Within the records that follow, restate exactly the lines from the line with "Staff members of" down to the line with "Am Vormittag geht", including both. Omit the pictures.
Start of Block
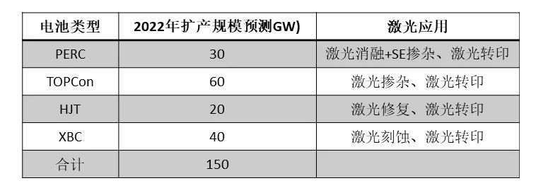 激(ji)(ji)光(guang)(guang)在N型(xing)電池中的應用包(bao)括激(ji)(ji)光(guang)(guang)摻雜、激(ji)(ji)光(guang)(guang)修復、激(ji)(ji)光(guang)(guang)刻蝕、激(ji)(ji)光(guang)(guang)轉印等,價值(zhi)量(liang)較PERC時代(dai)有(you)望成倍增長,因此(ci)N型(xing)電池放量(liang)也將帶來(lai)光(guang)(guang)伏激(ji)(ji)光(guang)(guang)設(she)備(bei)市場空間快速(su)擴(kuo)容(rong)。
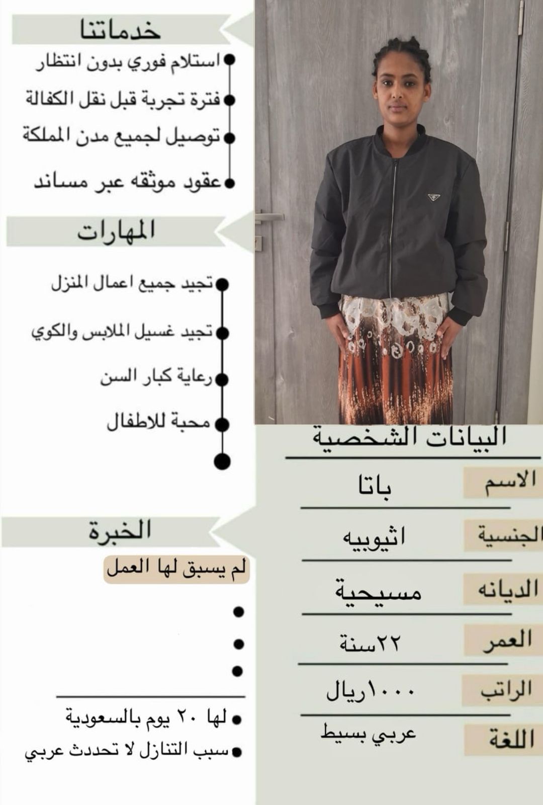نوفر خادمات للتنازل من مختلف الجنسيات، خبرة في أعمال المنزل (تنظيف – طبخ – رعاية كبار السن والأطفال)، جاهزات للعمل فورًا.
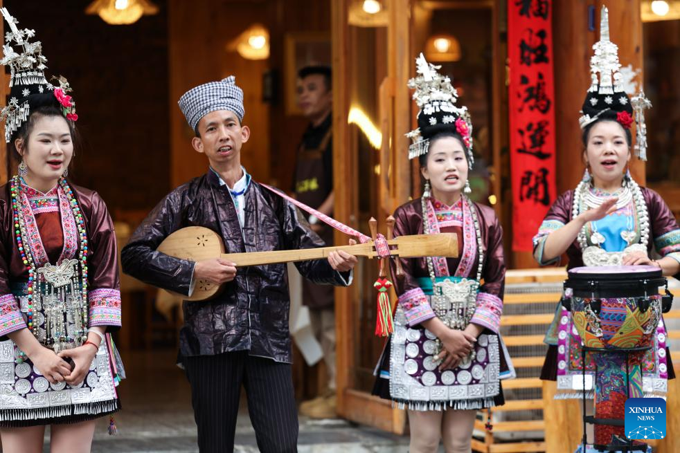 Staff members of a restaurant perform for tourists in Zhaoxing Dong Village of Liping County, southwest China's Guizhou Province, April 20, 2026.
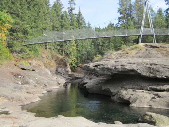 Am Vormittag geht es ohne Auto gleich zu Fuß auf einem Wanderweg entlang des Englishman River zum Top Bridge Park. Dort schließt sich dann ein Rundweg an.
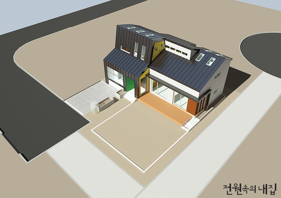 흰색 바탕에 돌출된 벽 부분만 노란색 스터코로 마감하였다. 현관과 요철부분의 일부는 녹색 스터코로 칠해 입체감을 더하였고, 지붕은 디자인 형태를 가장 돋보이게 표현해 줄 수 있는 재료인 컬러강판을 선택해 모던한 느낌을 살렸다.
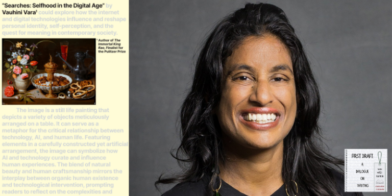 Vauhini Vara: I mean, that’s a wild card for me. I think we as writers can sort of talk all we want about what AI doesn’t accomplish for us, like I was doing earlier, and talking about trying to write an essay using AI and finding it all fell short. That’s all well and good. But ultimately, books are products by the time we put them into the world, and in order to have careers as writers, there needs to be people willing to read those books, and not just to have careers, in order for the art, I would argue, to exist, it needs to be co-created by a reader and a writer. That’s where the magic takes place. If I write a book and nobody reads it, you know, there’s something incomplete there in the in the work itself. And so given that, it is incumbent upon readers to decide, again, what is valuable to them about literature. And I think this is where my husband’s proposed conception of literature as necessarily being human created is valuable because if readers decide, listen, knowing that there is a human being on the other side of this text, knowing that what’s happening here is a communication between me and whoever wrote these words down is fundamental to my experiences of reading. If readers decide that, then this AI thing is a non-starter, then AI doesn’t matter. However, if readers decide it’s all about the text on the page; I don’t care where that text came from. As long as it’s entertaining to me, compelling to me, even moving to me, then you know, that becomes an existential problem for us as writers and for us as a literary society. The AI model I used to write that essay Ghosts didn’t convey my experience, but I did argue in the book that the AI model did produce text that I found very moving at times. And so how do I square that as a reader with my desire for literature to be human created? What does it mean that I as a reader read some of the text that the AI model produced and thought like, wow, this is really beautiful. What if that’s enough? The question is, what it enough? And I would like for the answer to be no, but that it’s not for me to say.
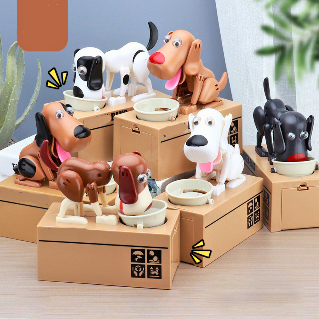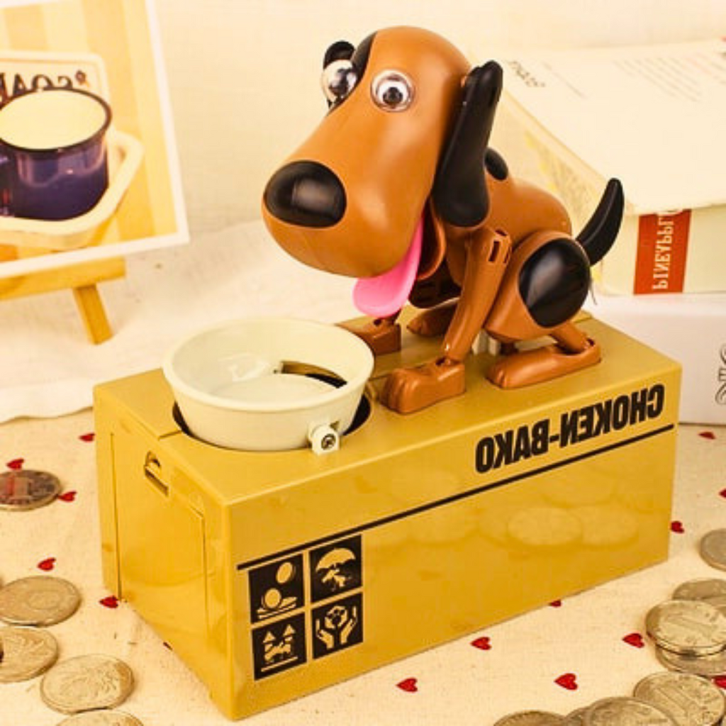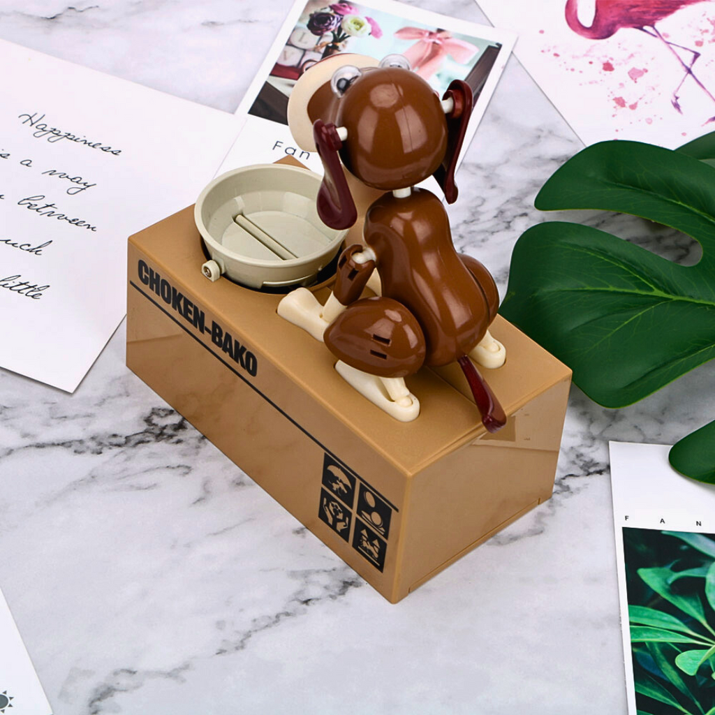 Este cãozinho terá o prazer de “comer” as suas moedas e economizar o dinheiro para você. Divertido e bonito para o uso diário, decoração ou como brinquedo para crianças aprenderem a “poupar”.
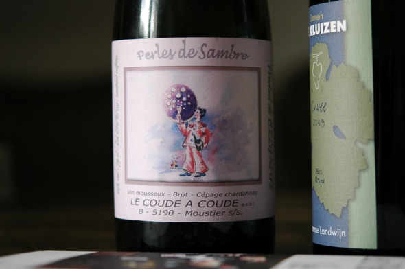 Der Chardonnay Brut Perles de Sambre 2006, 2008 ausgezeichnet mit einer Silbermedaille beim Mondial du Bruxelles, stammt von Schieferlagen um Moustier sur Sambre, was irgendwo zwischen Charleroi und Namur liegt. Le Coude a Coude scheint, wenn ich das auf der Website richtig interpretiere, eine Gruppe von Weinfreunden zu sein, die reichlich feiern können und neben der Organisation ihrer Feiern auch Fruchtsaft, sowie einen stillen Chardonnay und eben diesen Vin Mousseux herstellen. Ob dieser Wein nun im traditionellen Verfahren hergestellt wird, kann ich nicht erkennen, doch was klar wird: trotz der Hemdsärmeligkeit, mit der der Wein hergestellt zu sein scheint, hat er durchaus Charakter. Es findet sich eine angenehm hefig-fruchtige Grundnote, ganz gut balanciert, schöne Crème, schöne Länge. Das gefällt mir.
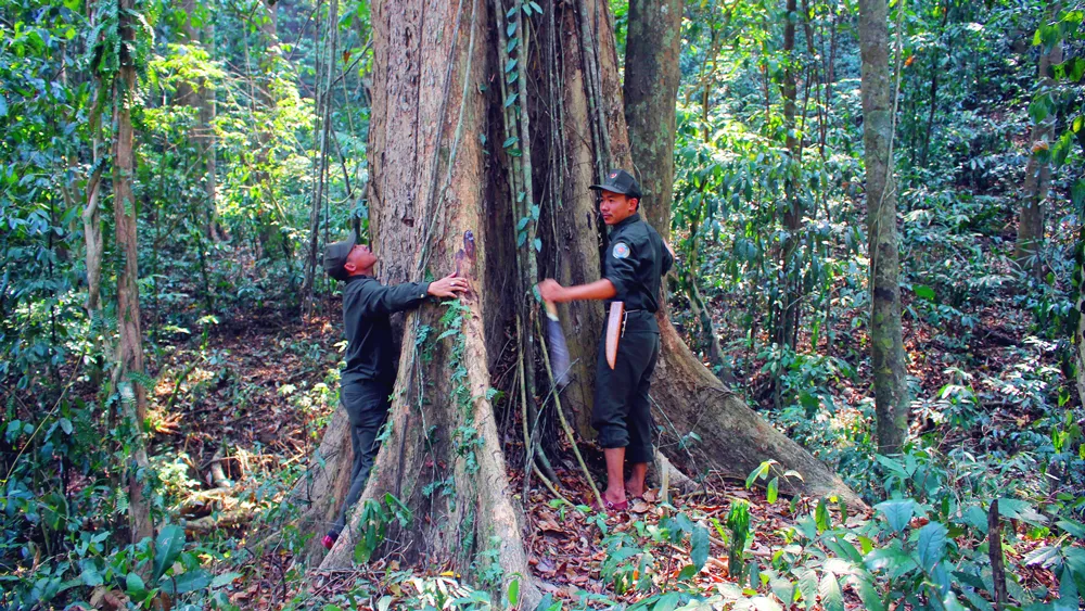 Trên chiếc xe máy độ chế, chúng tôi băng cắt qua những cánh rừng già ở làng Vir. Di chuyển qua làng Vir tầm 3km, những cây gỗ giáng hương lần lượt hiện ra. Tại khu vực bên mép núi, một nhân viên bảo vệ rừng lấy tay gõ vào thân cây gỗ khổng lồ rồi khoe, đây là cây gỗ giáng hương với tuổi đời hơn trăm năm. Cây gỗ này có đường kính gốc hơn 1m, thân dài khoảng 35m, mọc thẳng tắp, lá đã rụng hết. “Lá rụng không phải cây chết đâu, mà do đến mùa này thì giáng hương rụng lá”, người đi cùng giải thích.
End of Block
» **Result**:
 Staff members of a restaurant perform for tourists in Zhaoxing Dong Village of Liping County, southwest China's Guizhou Province, April 20, 2026.
 Am Vormittag geht es ohne Auto gleich zu Fuß auf einem Wanderweg entlang des Englishman River zum Top Bridge Park. Dort schließt sich dann ein Rundweg an.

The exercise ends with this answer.